The data>
========================
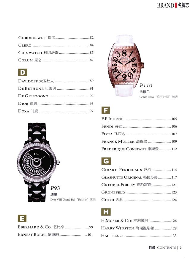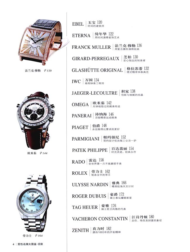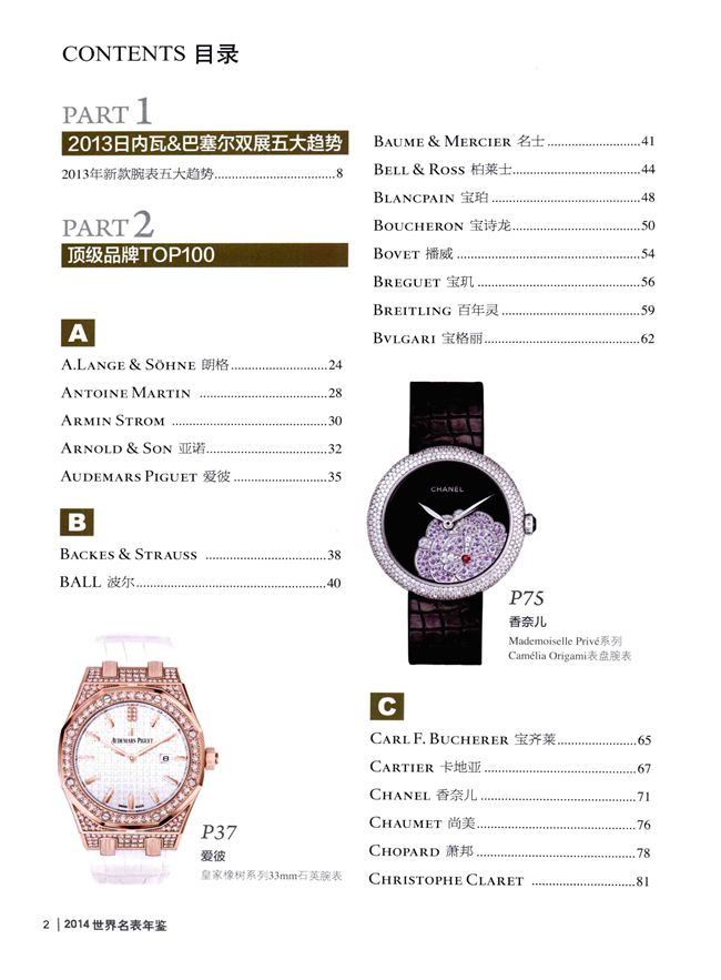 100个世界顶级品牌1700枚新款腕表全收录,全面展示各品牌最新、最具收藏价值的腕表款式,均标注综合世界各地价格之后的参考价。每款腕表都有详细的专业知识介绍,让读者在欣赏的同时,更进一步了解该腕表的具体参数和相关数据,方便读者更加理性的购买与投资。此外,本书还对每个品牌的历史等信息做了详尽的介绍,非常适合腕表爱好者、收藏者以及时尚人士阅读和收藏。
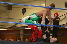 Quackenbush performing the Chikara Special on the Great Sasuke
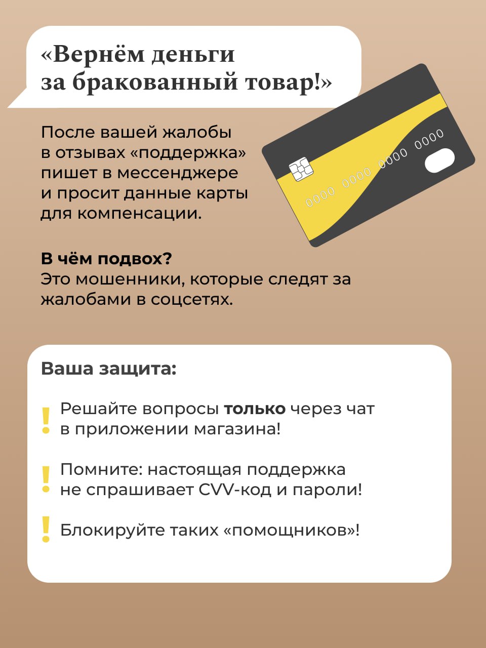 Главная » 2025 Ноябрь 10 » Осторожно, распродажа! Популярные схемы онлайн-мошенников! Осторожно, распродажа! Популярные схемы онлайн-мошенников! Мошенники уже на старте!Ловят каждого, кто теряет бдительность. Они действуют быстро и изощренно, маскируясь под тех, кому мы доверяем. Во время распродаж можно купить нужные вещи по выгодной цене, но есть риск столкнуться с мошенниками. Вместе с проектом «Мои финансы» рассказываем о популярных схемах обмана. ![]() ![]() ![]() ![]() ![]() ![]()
========================
Problem details> Give again, word for word, only the lines that run from the top of the data above through the line with "Quackenbush performing the". Drop the pictures.

Exercise result>
 100个世界顶级品牌1700枚新款腕表全收录,全面展示各品牌最新、最具收藏价值的腕表款式,均标注综合世界各地价格之后的参考价。每款腕表都有详细的专业知识介绍,让读者在欣赏的同时,更进一步了解该腕表的具体参数和相关数据,方便读者更加理性的购买与投资。此外,本书还对每个品牌的历史等信息做了详尽的介绍,非常适合腕表爱好者、收藏者以及时尚人士阅读和收藏。
 Quackenbush performing the Chikara Special on the Great Sasuke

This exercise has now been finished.